■ ACTION ITEM
Go through the listing below and write out exactly the lines from the one that mentions "Silver Coated Tungsten" through the one that mentions "特徴(性格など) | 人間がミルクで育てたため、人慣れは抜群で、甘えん坊です。しっぽは長いです。", minus the pictures.

■ INFORMATION GIVEN

::::

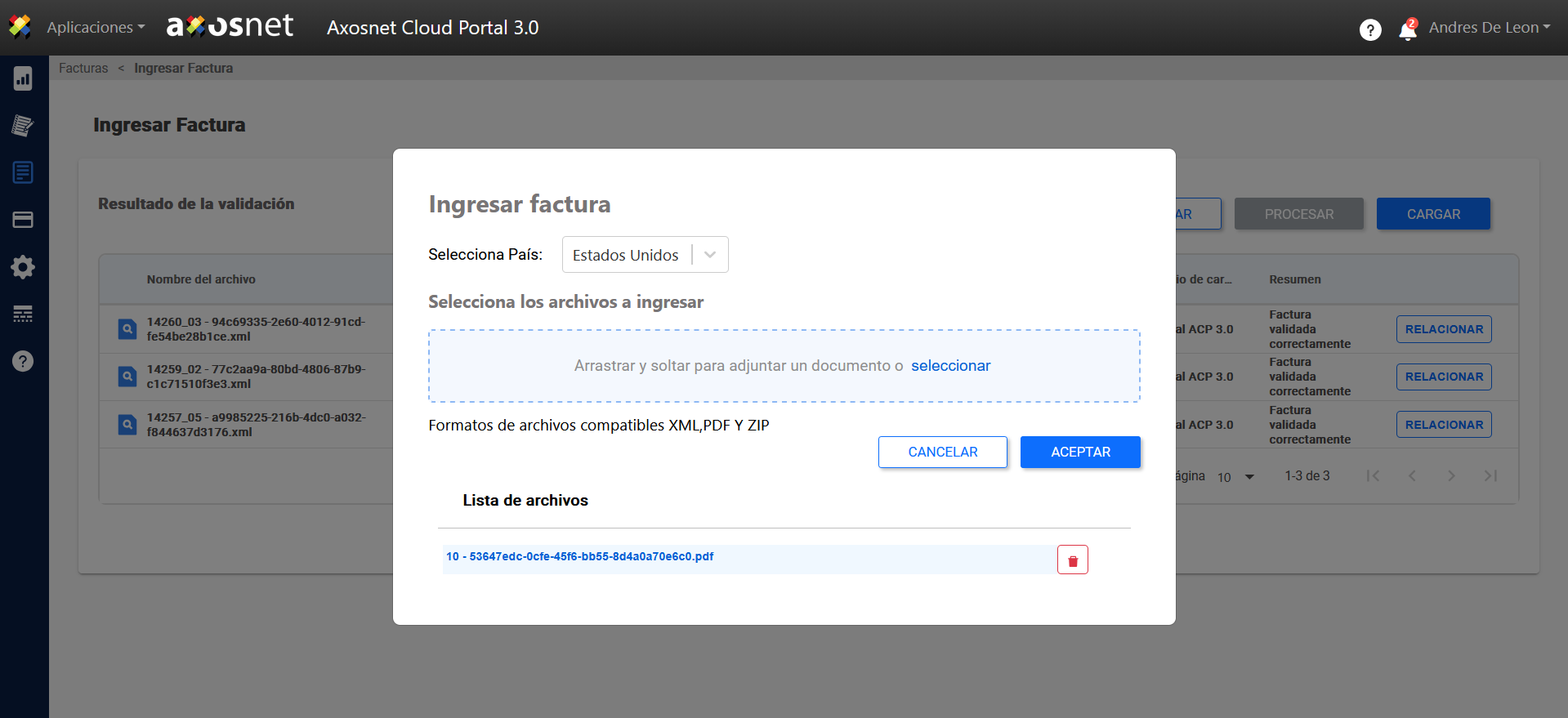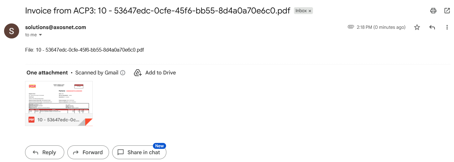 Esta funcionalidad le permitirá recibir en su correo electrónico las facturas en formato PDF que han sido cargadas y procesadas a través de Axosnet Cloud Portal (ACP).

::::

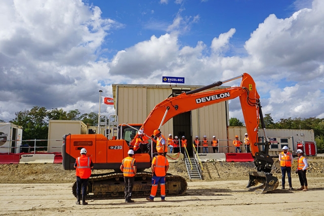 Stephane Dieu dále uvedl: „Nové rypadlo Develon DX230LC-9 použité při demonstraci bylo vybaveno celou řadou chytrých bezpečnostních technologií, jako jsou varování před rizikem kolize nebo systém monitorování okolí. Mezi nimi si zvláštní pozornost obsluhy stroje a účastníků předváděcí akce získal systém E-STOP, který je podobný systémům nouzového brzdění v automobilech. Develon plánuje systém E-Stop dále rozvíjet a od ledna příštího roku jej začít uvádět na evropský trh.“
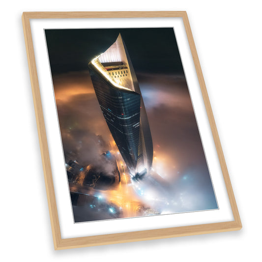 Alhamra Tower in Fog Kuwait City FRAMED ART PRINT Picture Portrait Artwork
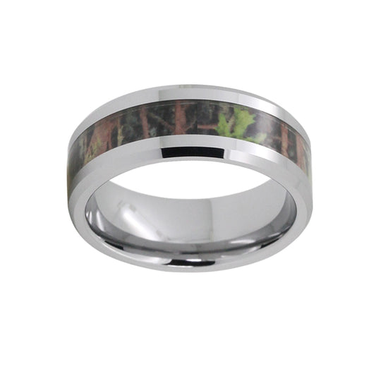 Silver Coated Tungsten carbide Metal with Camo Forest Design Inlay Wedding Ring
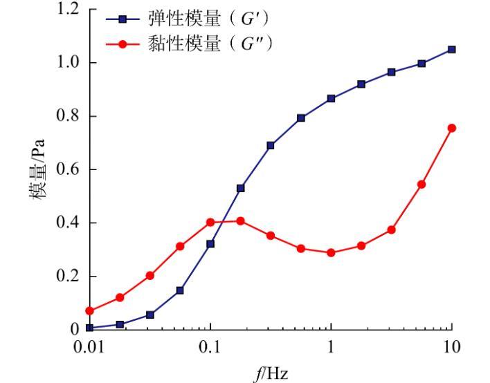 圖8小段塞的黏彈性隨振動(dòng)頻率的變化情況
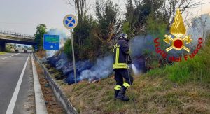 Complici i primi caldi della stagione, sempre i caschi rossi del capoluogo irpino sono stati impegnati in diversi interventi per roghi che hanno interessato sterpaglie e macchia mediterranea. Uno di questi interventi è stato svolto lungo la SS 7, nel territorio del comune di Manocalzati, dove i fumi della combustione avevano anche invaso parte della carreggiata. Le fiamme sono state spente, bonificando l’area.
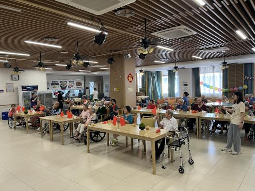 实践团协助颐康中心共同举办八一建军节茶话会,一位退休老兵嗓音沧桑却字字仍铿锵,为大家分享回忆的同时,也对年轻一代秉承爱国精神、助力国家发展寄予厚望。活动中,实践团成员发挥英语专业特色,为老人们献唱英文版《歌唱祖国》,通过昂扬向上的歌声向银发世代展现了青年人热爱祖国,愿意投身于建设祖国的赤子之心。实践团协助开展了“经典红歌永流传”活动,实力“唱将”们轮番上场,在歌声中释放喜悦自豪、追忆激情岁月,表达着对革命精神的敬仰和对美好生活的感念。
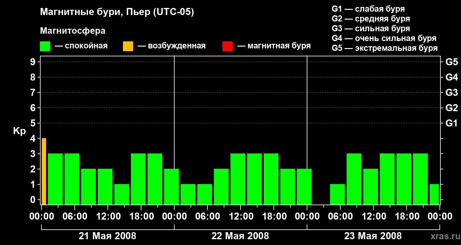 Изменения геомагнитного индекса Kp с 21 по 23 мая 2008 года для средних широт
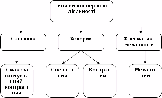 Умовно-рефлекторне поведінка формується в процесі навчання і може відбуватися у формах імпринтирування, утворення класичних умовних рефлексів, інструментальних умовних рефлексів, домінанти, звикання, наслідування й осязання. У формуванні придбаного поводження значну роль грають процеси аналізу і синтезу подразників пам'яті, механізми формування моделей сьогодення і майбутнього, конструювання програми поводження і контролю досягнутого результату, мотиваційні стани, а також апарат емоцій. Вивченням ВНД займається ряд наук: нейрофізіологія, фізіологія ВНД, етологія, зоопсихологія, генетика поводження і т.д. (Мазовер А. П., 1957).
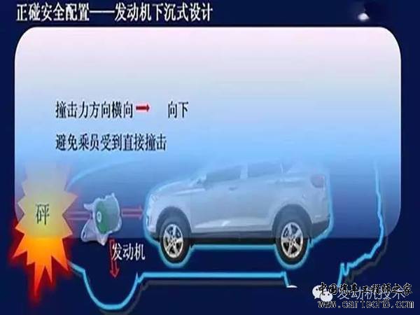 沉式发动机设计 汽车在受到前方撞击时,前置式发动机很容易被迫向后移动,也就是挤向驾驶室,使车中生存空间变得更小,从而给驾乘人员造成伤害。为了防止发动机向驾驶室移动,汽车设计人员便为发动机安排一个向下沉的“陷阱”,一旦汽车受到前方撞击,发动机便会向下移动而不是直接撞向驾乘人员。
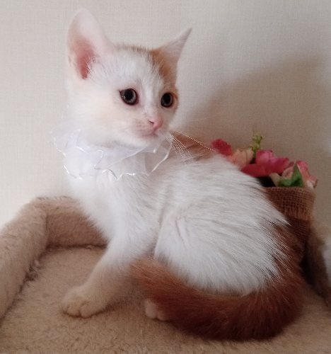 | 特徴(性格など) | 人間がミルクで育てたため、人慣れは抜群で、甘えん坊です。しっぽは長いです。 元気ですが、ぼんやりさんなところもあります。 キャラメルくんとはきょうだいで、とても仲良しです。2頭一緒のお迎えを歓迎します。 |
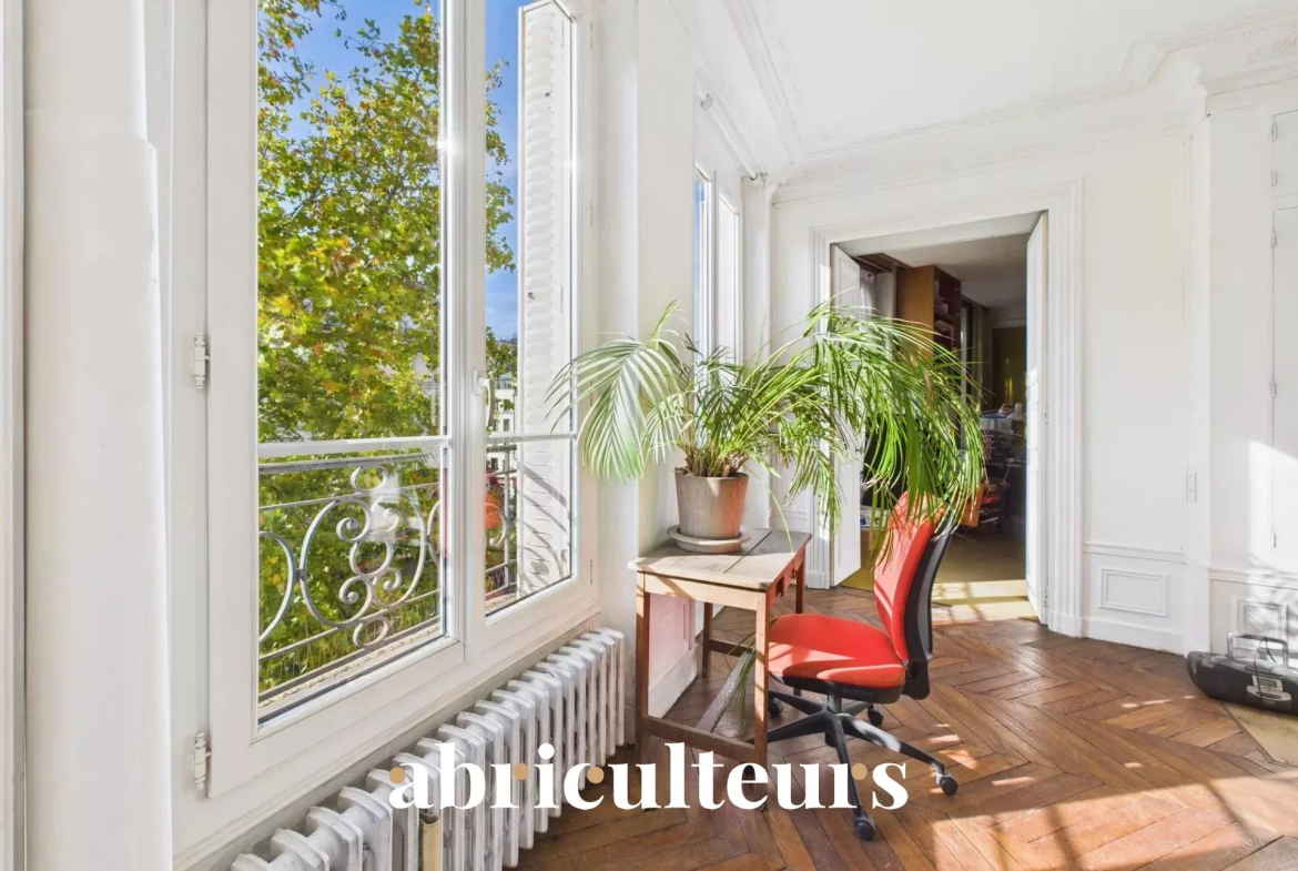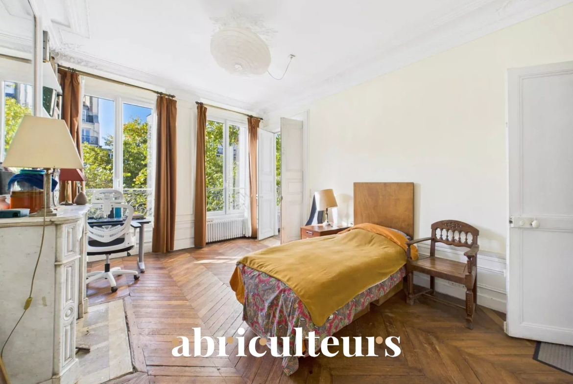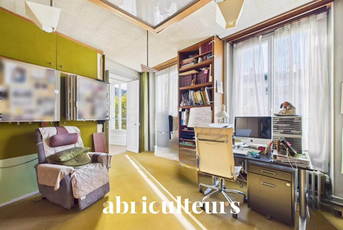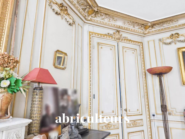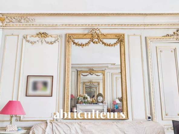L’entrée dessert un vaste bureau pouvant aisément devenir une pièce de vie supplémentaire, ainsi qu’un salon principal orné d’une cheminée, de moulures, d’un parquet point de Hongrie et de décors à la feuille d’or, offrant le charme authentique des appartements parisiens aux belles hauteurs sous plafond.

::::

■ PROBLEM SOLUTION
 Silver Coated Tungsten carbide Metal with Camo Forest Design Inlay Wedding Ring
 圖8小段塞的黏彈性隨振動(dòng)頻率的變化情況
 Complici i primi caldi della stagione, sempre i caschi rossi del capoluogo irpino sono stati impegnati in diversi interventi per roghi che hanno interessato sterpaglie e macchia mediterranea. Uno di questi interventi è stato svolto lungo la SS 7, nel territorio del comune di Manocalzati, dove i fumi della combustione avevano anche invaso parte della carreggiata. Le fiamme sono state spente, bonificando l’area.
 实践团协助颐康中心共同举办八一建军节茶话会,一位退休老兵嗓音沧桑却字字仍铿锵,为大家分享回忆的同时,也对年轻一代秉承爱国精神、助力国家发展寄予厚望。活动中,实践团成员发挥英语专业特色,为老人们献唱英文版《歌唱祖国》,通过昂扬向上的歌声向银发世代展现了青年人热爱祖国,愿意投身于建设祖国的赤子之心。实践团协助开展了“经典红歌永流传”活动,实力“唱将”们轮番上场,在歌声中释放喜悦自豪、追忆激情岁月,表达着对革命精神的敬仰和对美好生活的感念。
 Изменения геомагнитного индекса Kp с 21 по 23 мая 2008 года для средних широт
 Умовно-рефлекторне поведінка формується в процесі навчання і може відбуватися у формах імпринтирування, утворення класичних умовних рефлексів, інструментальних умовних рефлексів, домінанти, звикання, наслідування й осязання. У формуванні придбаного поводження значну роль грають процеси аналізу і синтезу подразників пам'яті, механізми формування моделей сьогодення і майбутнього, конструювання програми поводження і контролю досягнутого результату, мотиваційні стани, а також апарат емоцій. Вивченням ВНД займається ряд наук: нейрофізіологія, фізіологія ВНД, етологія, зоопсихологія, генетика поводження і т.д. (Мазовер А. П., 1957).
 沉式发动机设计 汽车在受到前方撞击时,前置式发动机很容易被迫向后移动,也就是挤向驾驶室,使车中生存空间变得更小,从而给驾乘人员造成伤害。为了防止发动机向驾驶室移动,汽车设计人员便为发动机安排一个向下沉的“陷阱”,一旦汽车受到前方撞击,发动机便会向下移动而不是直接撞向驾乘人员。
 | 特徴(性格など) | 人間がミルクで育てたため、人慣れは抜群で、甘えん坊です。しっぽは長いです。 元気ですが、ぼんやりさんなところもあります。 キャラメルくんとはきょうだいで、とても仲良しです。2頭一緒のお迎えを歓迎します。 |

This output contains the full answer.